At Bullet, we use AI embeddings extensively when we develop AI solutions. Without them it would be near impossible to do what we do. They are the bedrock on what so much is built. But what are they?

Imagine you’re at a huge, bustling flea market. It’s packed with stalls, each overflowing with different items: books, clothes, electronics, toys. It’s a treasure trove of variety, but it’s also chaotic and overwhelming. Now, imagine if you had a magical guide. This guide has the power to instantly sort and rearrange the entire market. It groups similar items together – all the books in one corner, clothes in another, and so on. Finding what you need becomes not just easy, but fun!

This is what AI embeddings do, but in the world of data and computers. Our digital world is like this market – full of vast and varied information. Embeddings are like the magical guide, helping to sort and organise this data.

Understanding AI Embeddings

AI embeddings take all kinds of data – words, images, sounds – and transform them into what computer scientists call a ‘vector space’. Think of this vector space like a big, invisible map where each piece of data gets its own spot. This map is special because it keeps similar things close to each other. For instance, in this map of data, the word “happy” might be near “joyful”, and “sad” near “upset”.

The Magic of Vector Space

The idea of vector space might sound complex (like something out of Dr Who), but it’s quite simple. Imagine you’re drawing a dot for every item in your house on a piece of paper. Items that are alike, like socks, get dots close to each other. Items that are different, like a sock and a spoon, get dots far apart. This is essentially what embeddings do in their vector space. They turn complex, hard-to-understand data into a map of dots, making it easier for computers to understand and work with this data.

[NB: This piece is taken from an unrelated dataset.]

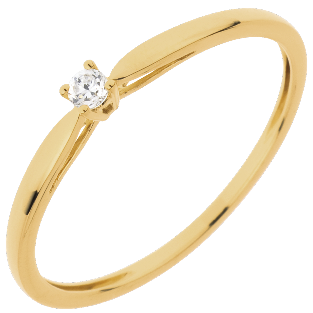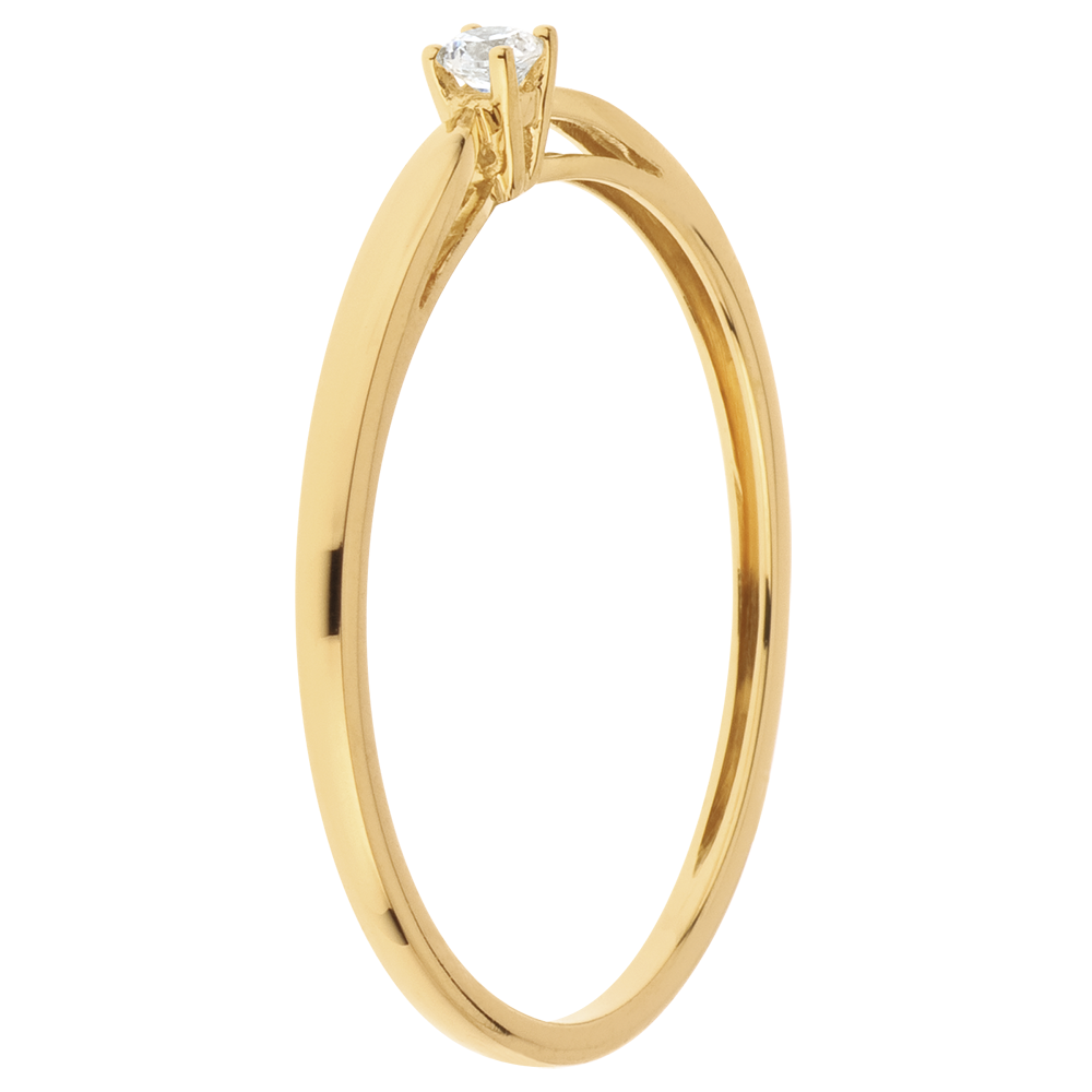 Ein Ring zart wie Schilfgras, gekrönt von einem Diamant in einer 4er Krappenfassung. 1 Diamant : 0.04 Karat - Gelbgold (750/-): 1.1 g. Weitere Abmessungen

How AI Embeddings Transform Data

So, how does this help? Well, it’s all about making connections and understanding context. Let’s say you’re using a translation app. When you type in a word, the app uses embeddings to find that word on its map. It then looks at what’s nearby to understand the word’s meaning and finds the best match in another language.

Or consider a photo-tagging feature on social media. When you upload a photo, the platform uses embeddings to understand what’s in the picture. It looks at where the photo’s data sits on the map and sees what other similar data is close by. This is how it recognises faces or objects.

The Everyday Magic of Embeddings

The beauty of AI embeddings is in their everyday magic. They’re the reason a music app (like Spotify) seems to know just the kind of songs you like. It’s because the app can see where your favourite songs sit in its vector space and suggests others that are close by.

It’s also how voice assistants understand your requests. They convert your words into a format they can place on their map and then figure out what you’re asking based on what those words are near.

In Conclusion

AI embeddings are like our magical guide in the vast flea market of digital information. They make sense of the chaos, finding patterns and connections we might not see. By turning data into a map of sorts, where everything has its place, they help computers understand and interact with our world in a way that’s smarter, more efficient, and a bit magical. This is the invisible wizardry behind many of the technologies we use and love today, making our digital interactions smoother and more intuitive.